# Tomori col Genoa: basterà? Maignan si consola...



## admin (29 Novembre 2021)

Come riportato dalla GDS, che conferma le news di ieri, contro il Genoa il Milan ritroverà Tomori al centro della difesa. Il rientro dell'inglese basterà per risolvere i problemi difensivi? Rientro amaro ieri per Maignan, che però si è consolato con l'accoglienza riservatagli dai tifosi.


----------



## pazzomania (29 Novembre 2021)

admin ha scritto:


> Come riportato dalla GDS, che conferma le news di ieri, contro il Genoa il Milan ritroverà Tomori al centro della difesa. Il rientro dell'inglese basterà per risolvere i problemi difensivi? Rientro amaro ieri per Maignan, che però si è consolato con l'accoglienza riservatagli dai tifosi.


Basta si.

Senza di lui 7 gol presi in 2 partite!

Secondo me manca tanto anche Calabria, ma molto meno di Tomori.


----------



## willcoyote85 (29 Novembre 2021)

il punto è tomori ma anche chi lo sostituisce.
completamente assurdamente scandalosamente inadatto


----------



## Andris (29 Novembre 2021)

Sheva ci farà rialzare


----------



## JoKeR (29 Novembre 2021)

E pensare che Elliott ci ha fatto giocare senza difensori da settembre 2020 a fine gennaio 2021, o vi dimenticate l'elemosina per l'acquisto del centrale?

Chi ama non dimentica, e io non dimentico.
La nostra proprietà ci fece affrontare campionato e coppa con Kjaer/Romagnoli più due giovani Gabbia/Kalulu.

Con Tomori in campo titolare, che ovviamente non può giocarle tutte, perdiamo pochissime volte in A: a memoria Napoli (ma aveva vicino Gabbia che non giocava mai), Sassuolo e Lazio.


----------



## admin (29 Novembre 2021)

admin ha scritto:


> Come riportato dalla GDS, che conferma le news di ieri, contro il Genoa il Milan ritroverà Tomori al centro della difesa. Il rientro dell'inglese basterà per risolvere i problemi difensivi? Rientro amaro ieri per Maignan, che però si è consolato con l'accoglienza riservatagli dai tifosi.


-.


----------



## __king george__ (29 Novembre 2021)

admin ha scritto:


> Come riportato dalla GDS, che conferma le news di ieri, contro il Genoa il Milan ritroverà Tomori al centro della difesa. Il rientro dell'inglese basterà per risolvere i problemi difensivi?

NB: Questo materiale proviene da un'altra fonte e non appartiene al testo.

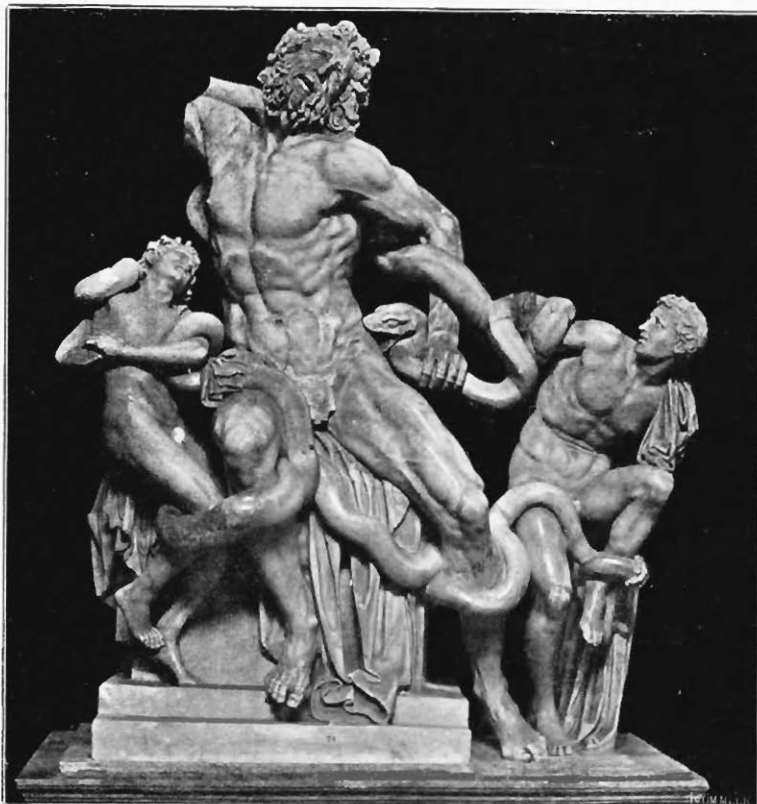
Abb. 7. Laokoon ohne die Ergänzungen

Schon der Hauptgegenstand der Plastik, der Menschenleib, ist kein Körper in stereometrischem Sinne, kein »Mal«, sondern ein organisch tektonisches System von mannigfach geformten, beweglichen Teilkörpern, ein lebendiger Mechanismus. Dieser Mechanismus vermag sich zeitweilig zu erweitern durch äusserlich

Rientro amaro ieri per Maignan, che però si è consolato con l'accoglienza riservatagli dai tifosi.


non che sia colpa sua però ad essere proprio sinceri sinceri non è stato impeccabile nemmeno Maignan ieri


----------



## rossonero71 (29 Novembre 2021)

__king george__ ha scritto:


> non che sia colpa sua però ad essere proprio sinceri sinceri non è stato impeccabile nemmeno Maignan ieri


Il gol sotto le gambe fa storcere il naso.


----------



## 7AlePato7 (29 Novembre 2021)

pazzomania ha scritto:


> Basta si.
> 
> Senza di lui 7 gol presi in 2 partite!
> 
> Secondo me manca tanto anche Calabria, ma molto meno di Tomori.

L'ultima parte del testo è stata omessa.